Товарка продавщицы засмеялась – такие приметы подходили для половины девушек Камска.
– Да я таких тысячи за день вижу, сколько можно повторять, раздраженно отвечала доведенная до каления женщина. – И незачем мне тыкать, мы с вами на ты не пили.
– Нет, ты бы её узнала, если видела, – возразил мужик. – Это рысь.
– Ох, мужчина, шли бы вы отсюда, а то я, и правда, милицию вызову, вздохнула продавщица. – Не видела я никакой рыси. Не мешайте, мне покупателей обслуживать надо! Что вам? – обратилась она к Саше Пескову.
– Черного буханку. Что это с ним? – спросил Саша, глядя в спину удаляющегося мужика.
– Да вот пристал, – объяснила напарница, – светленькую девушку он разыскивает, понимаешь ли. Ни имени, ни адреса.
– На пьяного не похож вроде.
– Да с приветом он, – с досадой отвечала продавщица. – Зима, а он в шортах. Откуда только взялся?
– Ага, я тут пять лет работаю, всех уже знаю, а этого не видела, согласилась другая.
– Может, его только что выпустили, – пошутил Саша Песков. – Из психушки.

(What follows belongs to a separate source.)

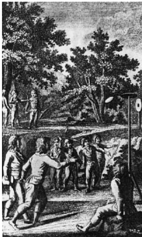
Kobberstik fra GutsMuths: »Gymnastik für die Jugend«, 1793. Øverste gruppe: Bueskydning mod skive. Midterste gruppe: Spydkast og stenkast. Nederste gruppe: Diskoskast efter horisontal skive.

Udvælgelsen skyldes formentlig, at kancelliet i 1811, inden den kgl. resolution blev udstedt, havde haft gymnastikplanerne til høring i de 10 amtsskoleledelser (alle placeret øst for Lillebælt) som var blevet oprettet. Bortset fra Præstø amt, der afviser gymnastikken, er de øvrige amter positive. Synspunkterne deler sig i et filantropisk og et militært synspunkt, og resolutionen synes at være et kompromis, uden at der dog heri ligger en egentlig forklaring på, hvorfor det netop er de nævnte øvelser,

Он вышел на улицу и у дверей снова наткнулся на того мужика. Саша глянул ему в лицо – и дальше произошло необъяснимое. С первого же взгляда он понял невероятное: что это бог. Или даже – Бог. При всем том соображение Саши Пескова нисколько не помрачилось, он понимал, что перед ним человек во вполне земной телесности, причем такой, которая не слишком-то совершенна у мужика было пузико, кривые ноги, бородавки на лице, а ещё он шмыгал носом на холоде, что было немудрено при таком незимнем наряде. Саша понимал также, что Бог ну никак не может вместиться даже и в совершенное тело – но странное дело, одно никак не противоречило другому, – столь же отчетливо Саша Песков сознавал, что перед ним даже не святой или там просветленный, а именно бог (если не САМ БОГ), и никакие бородавки тут ничего не могли изменить. Все это уживалось в Сашином восприятии абсолютно естественно и без всякого принуждения, не то что не образуя противоречия, а прямо-таки в теснейшем добрососедстве. Да и кто сказал, что Бог не может иметь пузико и кривые ноги? Это уж наше человеческое безделье полагать на Его счет всякие выдумки, а Его Божье дело – поплевывать на них со Своей высокой башни и располагать, как Ему удобней. И поэт Саша Песков принял Божье расположение насчет бородавок и всего прочего как должное. И столь же должным и правильным ощутилось внутри Саши стремление чем-нибудь помочь этому грустному Богу, шмыгающему носом на уральском морозе.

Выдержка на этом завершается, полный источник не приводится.